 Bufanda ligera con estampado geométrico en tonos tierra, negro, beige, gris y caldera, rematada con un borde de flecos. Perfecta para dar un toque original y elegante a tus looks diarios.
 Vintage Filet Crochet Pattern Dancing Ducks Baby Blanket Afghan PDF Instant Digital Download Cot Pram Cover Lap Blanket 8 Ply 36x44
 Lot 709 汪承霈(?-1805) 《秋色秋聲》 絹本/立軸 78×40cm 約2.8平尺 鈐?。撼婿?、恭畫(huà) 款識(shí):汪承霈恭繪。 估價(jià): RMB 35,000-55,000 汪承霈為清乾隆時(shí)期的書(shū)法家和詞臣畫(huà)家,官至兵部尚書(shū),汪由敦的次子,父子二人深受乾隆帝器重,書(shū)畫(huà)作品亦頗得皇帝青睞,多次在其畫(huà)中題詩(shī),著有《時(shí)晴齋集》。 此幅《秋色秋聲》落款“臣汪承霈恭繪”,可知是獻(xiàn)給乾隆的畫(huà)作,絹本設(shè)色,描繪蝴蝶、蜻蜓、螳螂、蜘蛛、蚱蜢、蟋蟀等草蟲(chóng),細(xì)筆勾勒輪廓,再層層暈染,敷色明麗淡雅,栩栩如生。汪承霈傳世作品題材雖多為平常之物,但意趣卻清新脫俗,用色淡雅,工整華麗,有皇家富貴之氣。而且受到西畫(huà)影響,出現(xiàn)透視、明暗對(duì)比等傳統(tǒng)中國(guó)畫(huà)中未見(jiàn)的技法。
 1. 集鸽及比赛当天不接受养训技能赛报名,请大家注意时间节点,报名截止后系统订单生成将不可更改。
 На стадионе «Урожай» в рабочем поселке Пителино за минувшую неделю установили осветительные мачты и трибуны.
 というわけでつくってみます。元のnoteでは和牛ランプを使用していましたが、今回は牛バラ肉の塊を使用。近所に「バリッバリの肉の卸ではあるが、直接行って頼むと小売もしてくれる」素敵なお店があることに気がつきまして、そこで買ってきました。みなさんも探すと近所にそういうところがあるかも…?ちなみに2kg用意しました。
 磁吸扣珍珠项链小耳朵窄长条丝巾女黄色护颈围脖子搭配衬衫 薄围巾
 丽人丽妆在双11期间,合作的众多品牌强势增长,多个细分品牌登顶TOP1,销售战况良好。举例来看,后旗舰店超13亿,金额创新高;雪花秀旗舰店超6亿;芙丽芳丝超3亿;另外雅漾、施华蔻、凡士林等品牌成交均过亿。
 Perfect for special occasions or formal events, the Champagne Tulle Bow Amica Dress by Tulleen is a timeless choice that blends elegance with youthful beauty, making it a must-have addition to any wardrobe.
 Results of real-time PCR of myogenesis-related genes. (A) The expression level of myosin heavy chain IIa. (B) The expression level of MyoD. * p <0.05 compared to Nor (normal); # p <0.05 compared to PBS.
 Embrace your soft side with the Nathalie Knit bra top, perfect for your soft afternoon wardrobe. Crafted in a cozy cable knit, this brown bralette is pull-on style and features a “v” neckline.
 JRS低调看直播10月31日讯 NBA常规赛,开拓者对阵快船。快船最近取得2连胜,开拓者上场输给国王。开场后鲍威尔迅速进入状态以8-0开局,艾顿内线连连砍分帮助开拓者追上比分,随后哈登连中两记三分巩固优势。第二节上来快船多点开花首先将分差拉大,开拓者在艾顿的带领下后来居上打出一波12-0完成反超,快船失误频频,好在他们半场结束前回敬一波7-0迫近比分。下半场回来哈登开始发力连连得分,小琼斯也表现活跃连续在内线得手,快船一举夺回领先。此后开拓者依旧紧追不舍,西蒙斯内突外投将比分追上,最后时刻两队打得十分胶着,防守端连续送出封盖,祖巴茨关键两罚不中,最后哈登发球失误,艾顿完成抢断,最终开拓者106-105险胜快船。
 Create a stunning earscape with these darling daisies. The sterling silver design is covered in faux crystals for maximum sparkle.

════════

YOUR TASK: Every line of the records containing the word "wardrobe" must appear in the answer.

EXERCISE RESPONSE:
 Perfect for special occasions or formal events, the Champagne Tulle Bow Amica Dress by Tulleen is a timeless choice that blends elegance with youthful beauty, making it a must-have addition to any wardrobe.
 Embrace your soft side with the Nathalie Knit bra top, perfect for your soft afternoon wardrobe. Crafted in a cozy cable knit, this brown bralette is pull-on style and features a “v” neckline.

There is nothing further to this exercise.